Ultimate tensile failure strength and stiffness were determined in 67 human cadaver digital nerves. Total nerve area, fascicular area, and nonfascicular (connective tissue) area were determined from the metacarpophalangeal to the distal interphalangeal joint in another 35 axial nerve sections to determine regional anatomic variation. Thirty-eight additional digital nerves were transected, and epineural repairs were performed using simple, interrupted sutures. Suture number (2 vs 4), gauge (8-0 vs 9-0), and purchase length (1 mm vs 2 mm) were used in various combinations, and then the repaired nerves were pulled to failure. The mechanism of repair-site failure was determined for each suture. In situ tension of the intact digital nerves was measured during passive metacarpophalangeal and proximal interphalangeal joint motion in another 19 intact digital nerves.
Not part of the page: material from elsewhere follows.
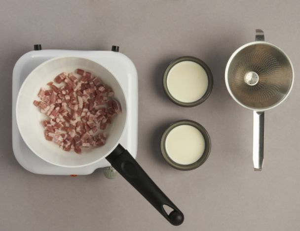 Suer légèrement à sec les lardons, mouiller avec le lait et la crème. Laisser cuire doucement à frémissement. Chinoiser.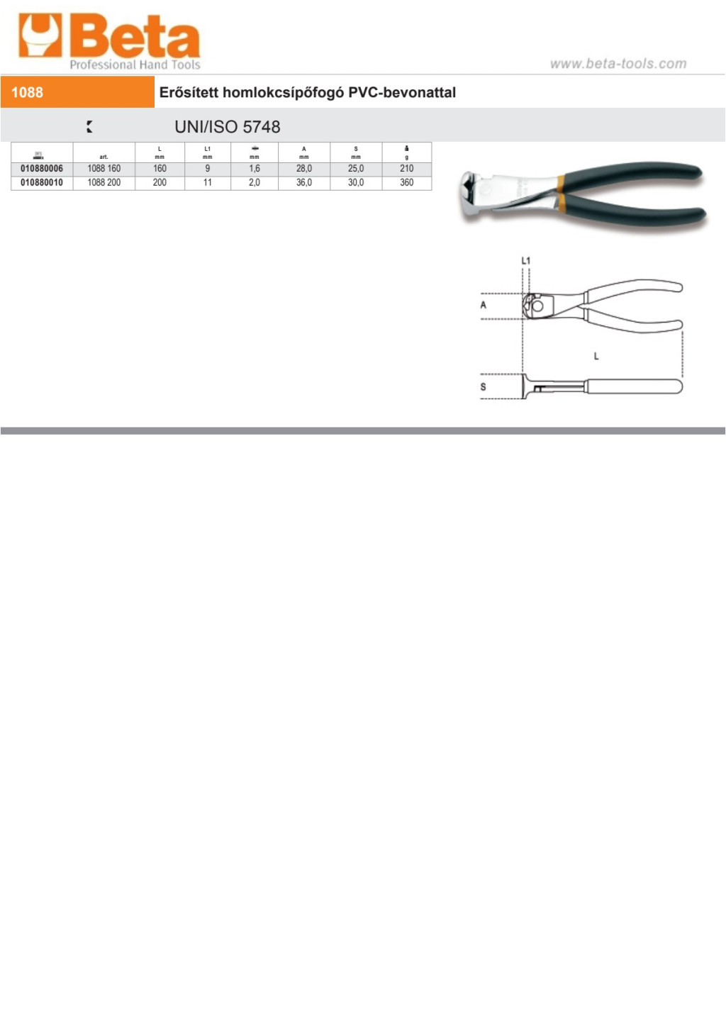 Beta 1088 160 Erősített homlokcsípőfogó PVC-bevonattal

There were no significant differences in failure load or stiffness with respect to the radial or ulnar nerves within a finger or between fingers. The primary tactile side of the finger tended to have a larger diameter digital nerve. Digital nerve failure was more common proximally than distally. Intact digital nerves failed at 6 N with a stiffness of 1 N/mm. Histologic analysis showed that fascicular area and total area decreased from proximal to distal, whereas the nonfascicular-to-fascicular area ratio increased. Four epineural sutures were statistically stronger than 2 sutures. Suture purchase length and gauge did not affect repair strength. The 8-0 nylon sutures failed primarily by cut-out, whereas the 9-0 sutures failed by cut-out or breakage. Repaired nerves failed at 1 to 2 N. Maximal metacarpophalangeal joint hyperextension resulted in 4 N of digital nerve tension. When the metacarpophalangeal joint was not hyperextended, proximal interphalangeal joint motion did not generate tension.


Similar to flexor tendons, the number of suture strands crossing the repair site was the most important variable affecting digital nerve repair strength in this cadaveric model.